А я ничего не купила, совсем не позаботилась об этом, хотя возможности были. Не нахожу себе никакого оправдания. Что я за мать? А еще… Даже боюсь подумать о том, как встречусь со второй моей малышкой. Я так долго заталкивала силой на самое дно любовь к своему ребенку, что сейчас от волнения перед нашей встречей больно дышать. Руки немеют и холодеют, беспокойно тереблю на шее тонкую золотую цепочку с крестиком.

Успокаивает только то, что моей малышке будет еще сложнее, ведь дети так ранимы, а взрослые гораздо сильнее духом. Я справлюсь, обязана справиться и не показать, насколько я взволнована.

— Держи, отдашь детям.

Перед моим носом неожиданно оказываются две большие розовые коробки. С удивлением рассматриваю кукол вместе с одежкой и туфлями, а потом перевожу взгляд на стоящего рядом с машиной Бакаева. Он сосредоточенно смотрит на большой дом из красного кирпича с конусной крышей, возвышающийся за каменным забором, с огромной территорией вокруг, которую даже не охватить взором.

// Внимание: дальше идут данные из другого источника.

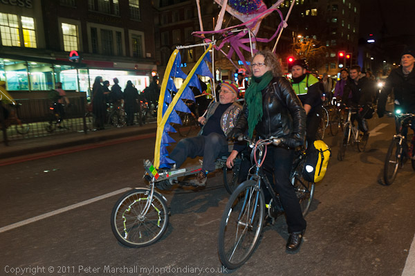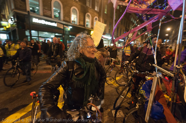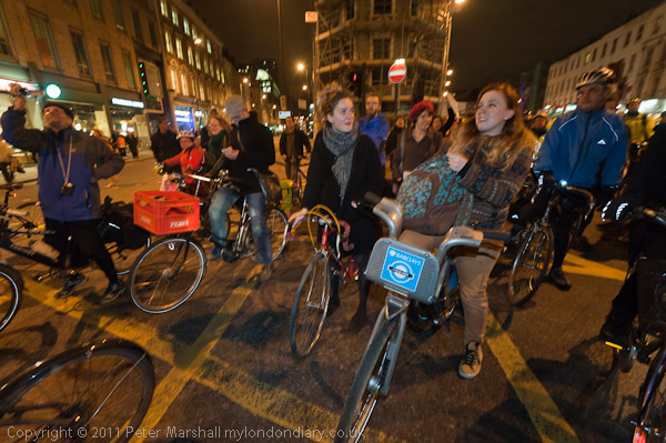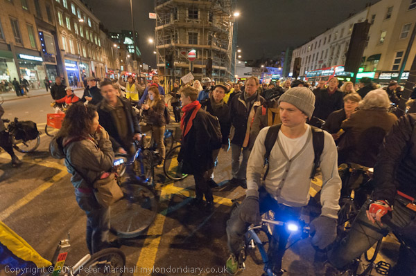 I counted around 150 bikes in the protest and there were around 50 people on foot as well

Зеленый газон усыпан деревьями и кустарниками, вдалеке видны хозяйственные постройки и загоны, в которых прогуливаются лошади. Здесь так красиво и спокойно, что начинаю дышать более размеренно и смотреть на ситуацию позитивнее.

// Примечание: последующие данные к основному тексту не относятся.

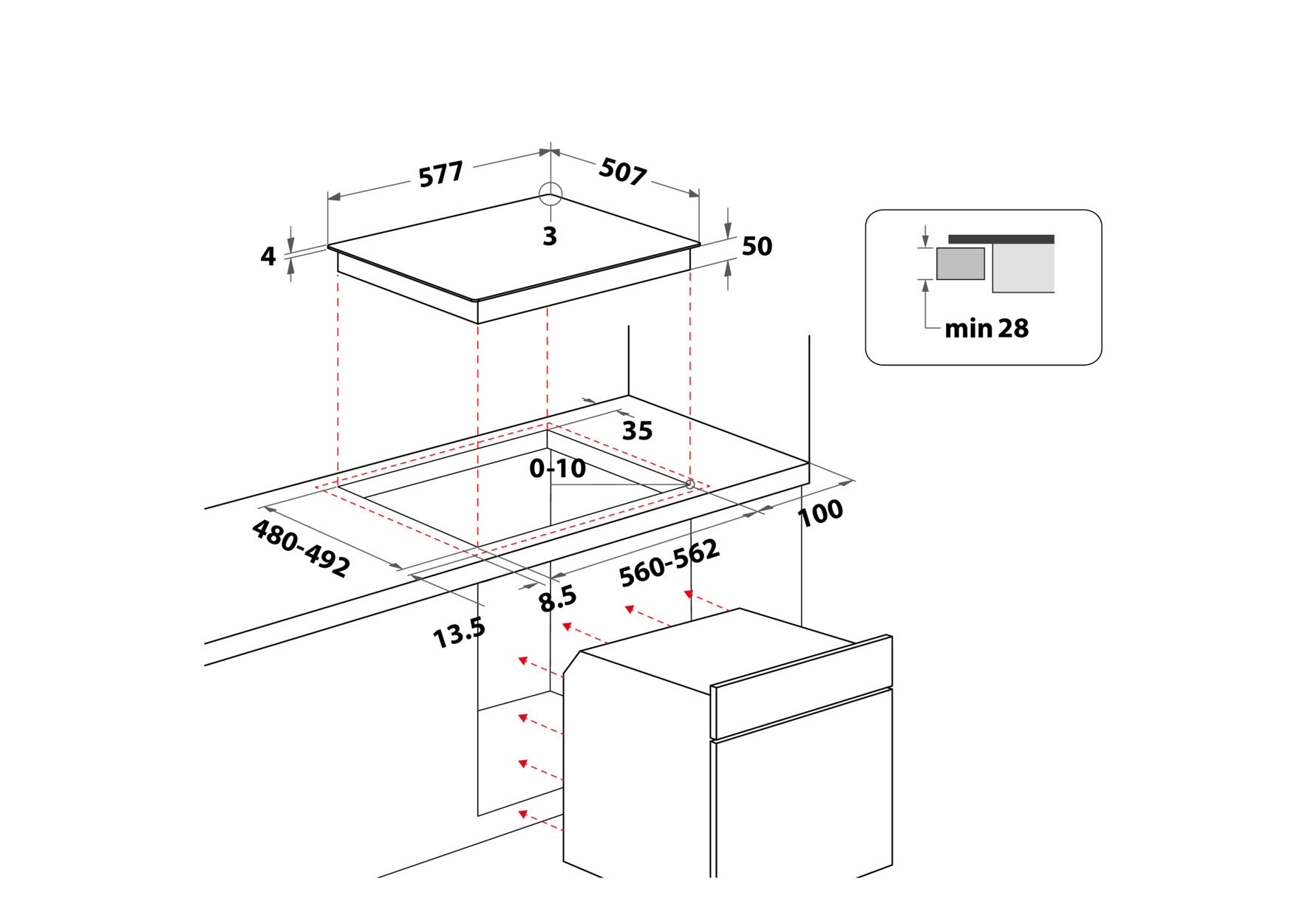 - Ausschnittmaße (BxT): 560x480 mm

— Спасибо, что подумал о подарках, у меня, честно говоря, из головы вылетело, — искренне благодарю Бакаева, получая в ответ холодный кивок. Оттепель прошла, отец моих детей снова заковал себя в ледяные оковы.

— Пошли, — коротко приказывает он, и я семеню за ним, идущим широким шагом по дорожке к дому. Мышцы после долгого сидения еще вялые, расслабленные, по сравнению с кондиционированным воздухом в салоне летний зной снаружи наваливается удушающей волной, липкой пленкой ложится на кожу. Правда, дневная жара спала, вечером можно будет погулять, тем более тут самое место для прогулок. Так красиво и просторно.

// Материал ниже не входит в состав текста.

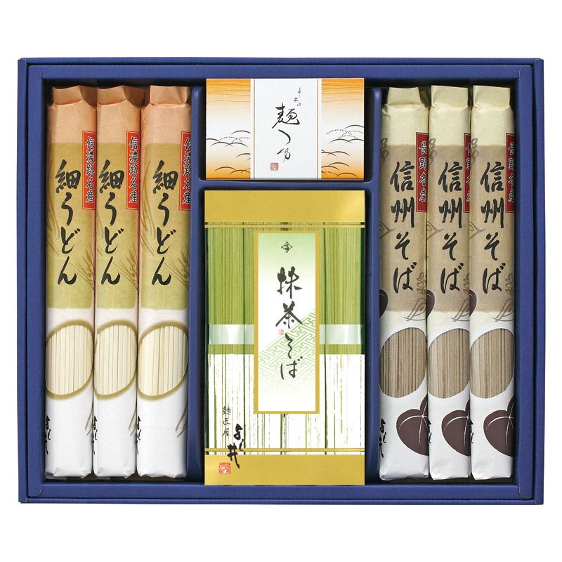 風味の良い信州そば、やや細めに仕上げたのど越しの良い細うどん、香り豊かな抹茶そばを詰合せにしました。

Мечтами уношусь в вечернее время, рисую в воображении себя с девочками в обнимку. Как раз вижу деревянные качели, когда мы входим через открытые ворота во двор. Можно будет покачаться и посмотреть на звезды. От предвкушения я не могу сдержать улыбки.

Бакаев переговаривается с каким-то невысоким сухощавым мужчиной со строгим лицом. В простой одежде и высоких сапогах, он похож на конюха, кем, скорее всего, и является. Мужчины негромко переговариваются, кажется не на русском языке, я прислушиваюсь, но вижу лишь, как другой немолодой работник принимает у Арслана ключи от машины и спешит к ней. Видимо, это кто-то из прислуги. Конечно, у богачей на все случаи жизни нужный человек.

И действительно, в самом доме, куда мы входим, нас встречает строгого вида женщина в закрытом темно-фиолетовом наряде, с платком на голове.

Уже потом я рассмотрю детально национальное убранство дома, но пока в фокусе внимания только моя девочка. Лиза! Вижу только ее и падаю на колени, не обращая внимания на боль от соприкосновения с жестким полом и разлетающиеся в стороны коробки. Расставляю руки и ловлю мое маленькое сокровище, зажмуривая глаза и чувствуя, как из них брызжут слезы. Обнимаю ее крепко-крепко, молясь изо всех сил, чтобы она не исчезла. Больше никогда.

— Мамочка, не плачь, — уговаривает доченька, отстраняясь от меня и вытирая ладошками мокрые щеки. Она так делала в период после похорон бабушки, но потом я перестала плакать при ней, чтобы не пугать.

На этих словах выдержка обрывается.